(Your instructions)
Copy the lines below as they are; omit the images they contain.

(Entries supplied)

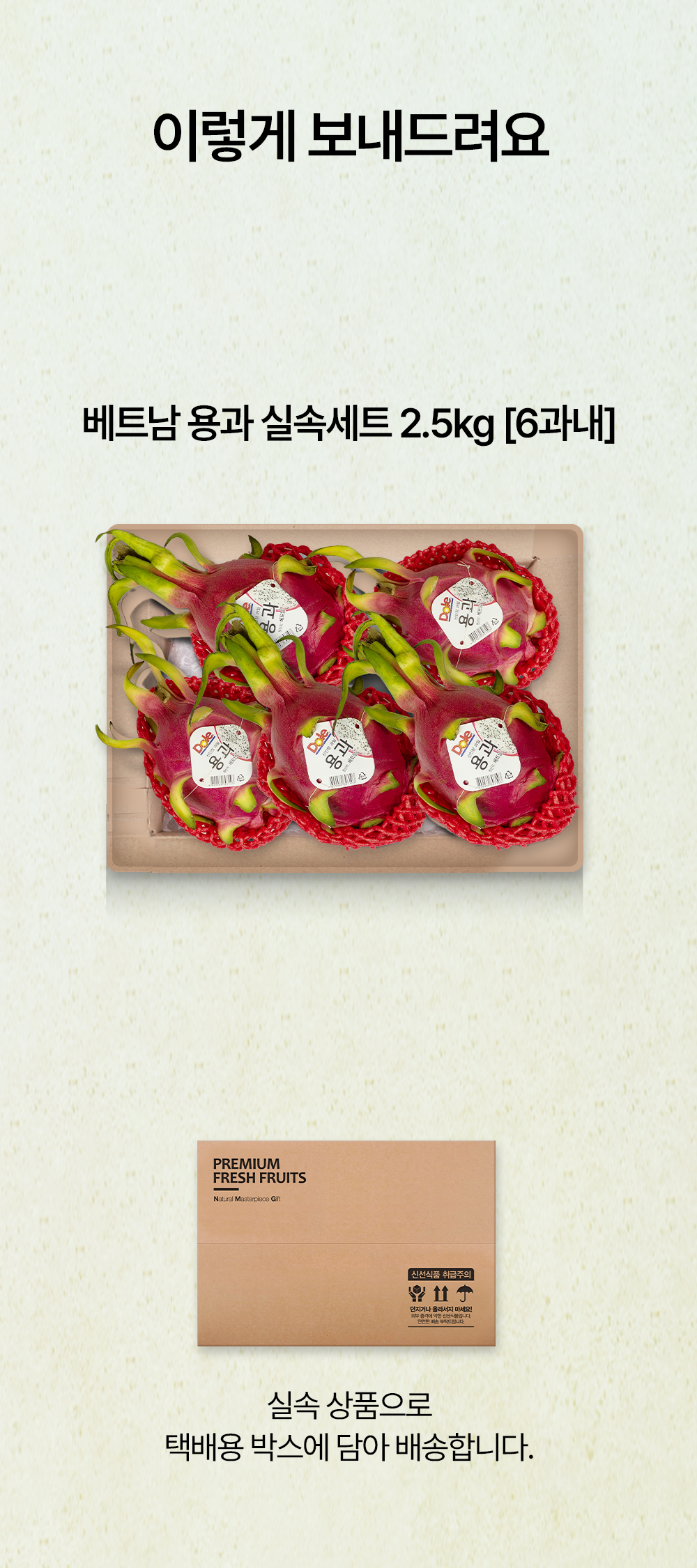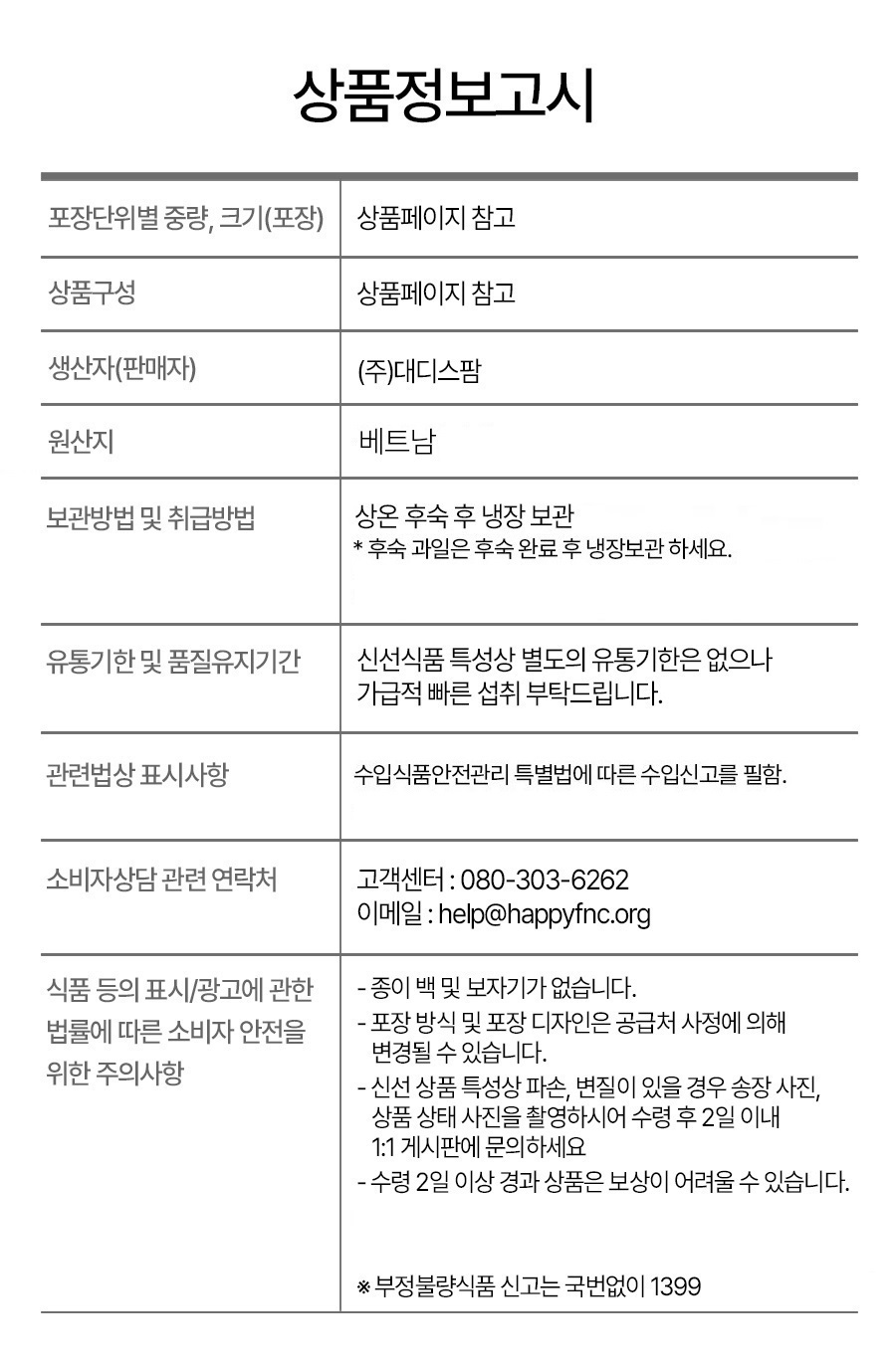 · 주의사항 - 일요일, 법정공휴일은 배송(도착)하지 않습니다. (명절 및 특수시즌 제외) - 배송지 정보와 받으시는 분의 장소 및 연락처가 불분명할 경우에는 배송이 지연될 수 있으며, 그로 인한 상품 변질에 대해서는 자연이랑이 책임지지 않습니다. |
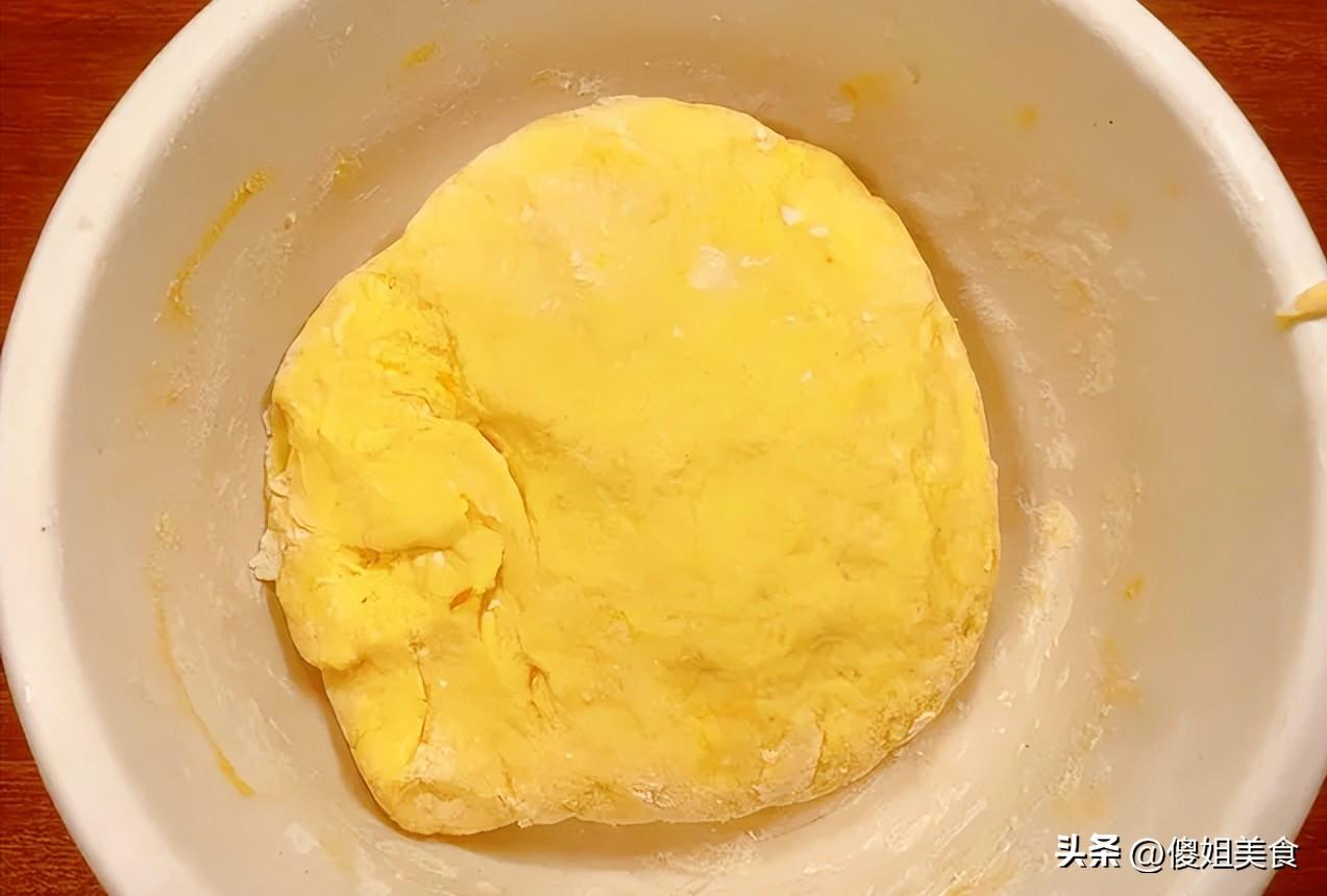 揉好的麪糰是漂亮的橘紅色,摸着軟乎乎的,帶着柿子的清香,把它蓋上保鮮膜,醒個十來分鐘。
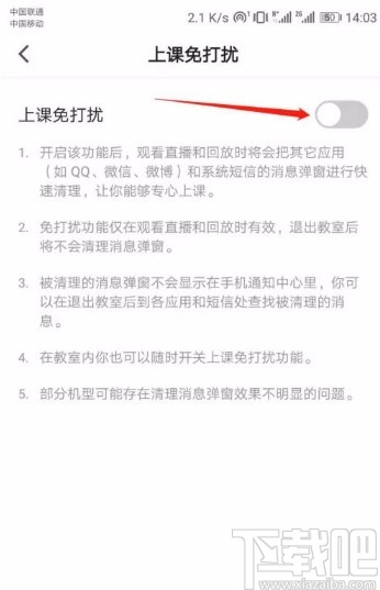 5.然后就会进入到上课免打扰页面,我们在页面上找到“上课免打扰”选项,其后面有一个开关按钮,点击该按钮将其打开。
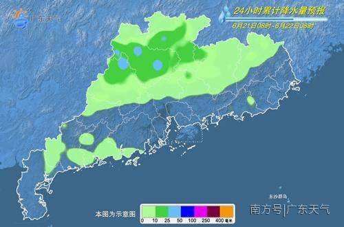 21日,韶关、清远、肇庆大雨局部暴雨转中雨,其余市县中雨转阵雨。
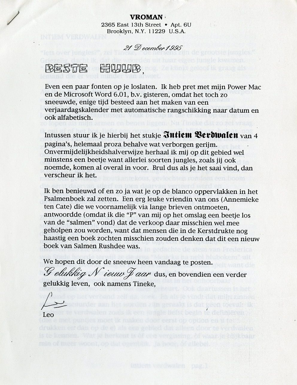 Beurskens voegt een door hemzelf geschreven essay toe over het werk van Vroman, die hij duidelijk bewondert. Zijn korte formele brief sluit hij af met de woorden: ‘Ik ben zo vrij om ook nog een bundeltje eigen poëzie mee te sturen dat ik in 1988, geheel buiten het uitgeefcircuit om, voor eigen geefplezier liet drukken. Niet om te laten zien hoe goed of belabberd ik het zelf kan, maar louter als blijk van waardering.’ Het gebaar wordt gewaardeerd door Vroman, zo blijkt als hij op 19 maart zijn antwoord stuurt: ‘Ik vind zowel de verzen mooi als het artikel boeiend. Het lijkt soms wel of we woorden achterlaten zoals het slijmspoor van een slak waar zout op is gestrooid. Elk woord is een eeuwig afscheid van het vorige ogenblik en welke daarvan ten slotte dan door de dood wordt aangedikt.’
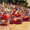 This fine Ferrari print by Tom Bucher features Team Scandia Ferrari winning the 12 Hours of Sebring on March 18, 1995, We are offering print #100/850. The print features the winning drivers of Andy Evans, Fermin Velez, and Eric Van de Poele. A print of the car #3 is featured on the bottom right margin. This is a must for any Ferrari collector. Autographed by Andy Evans and Fermin Velez. The print measures 28” x 22”. COA included.

(Response area)
 · 주의사항 - 일요일, 법정공휴일은 배송(도착)하지 않습니다. (명절 및 특수시즌 제외) - 배송지 정보와 받으시는 분의 장소 및 연락처가 불분명할 경우에는 배송이 지연될 수 있으며, 그로 인한 상품 변질에 대해서는 자연이랑이 책임지지 않습니다. |
 揉好的麪糰是漂亮的橘紅色,摸着軟乎乎的,帶着柿子的清香,把它蓋上保鮮膜,醒個十來分鐘。
 5.然后就会进入到上课免打扰页面,我们在页面上找到“上课免打扰”选项,其后面有一个开关按钮,点击该按钮将其打开。
 21日,韶关、清远、肇庆大雨局部暴雨转中雨,其余市县中雨转阵雨。
 Beurskens voegt een door hemzelf geschreven essay toe over het werk van Vroman, die hij duidelijk bewondert. Zijn korte formele brief sluit hij af met de woorden: ‘Ik ben zo vrij om ook nog een bundeltje eigen poëzie mee te sturen dat ik in 1988, geheel buiten het uitgeefcircuit om, voor eigen geefplezier liet drukken. Niet om te laten zien hoe goed of belabberd ik het zelf kan, maar louter als blijk van waardering.’ Het gebaar wordt gewaardeerd door Vroman, zo blijkt als hij op 19 maart zijn antwoord stuurt: ‘Ik vind zowel de verzen mooi als het artikel boeiend. Het lijkt soms wel of we woorden achterlaten zoals het slijmspoor van een slak waar zout op is gestrooid. Elk woord is een eeuwig afscheid van het vorige ogenblik en welke daarvan ten slotte dan door de dood wordt aangedikt.’
 This fine Ferrari print by Tom Bucher features Team Scandia Ferrari winning the 12 Hours of Sebring on March 18, 1995, We are offering print #100/850. The print features the winning drivers of Andy Evans, Fermin Velez, and Eric Van de Poele. A print of the car #3 is featured on the bottom right margin. This is a must for any Ferrari collector. Autographed by Andy Evans and Fermin Velez. The print measures 28” x 22”. COA included.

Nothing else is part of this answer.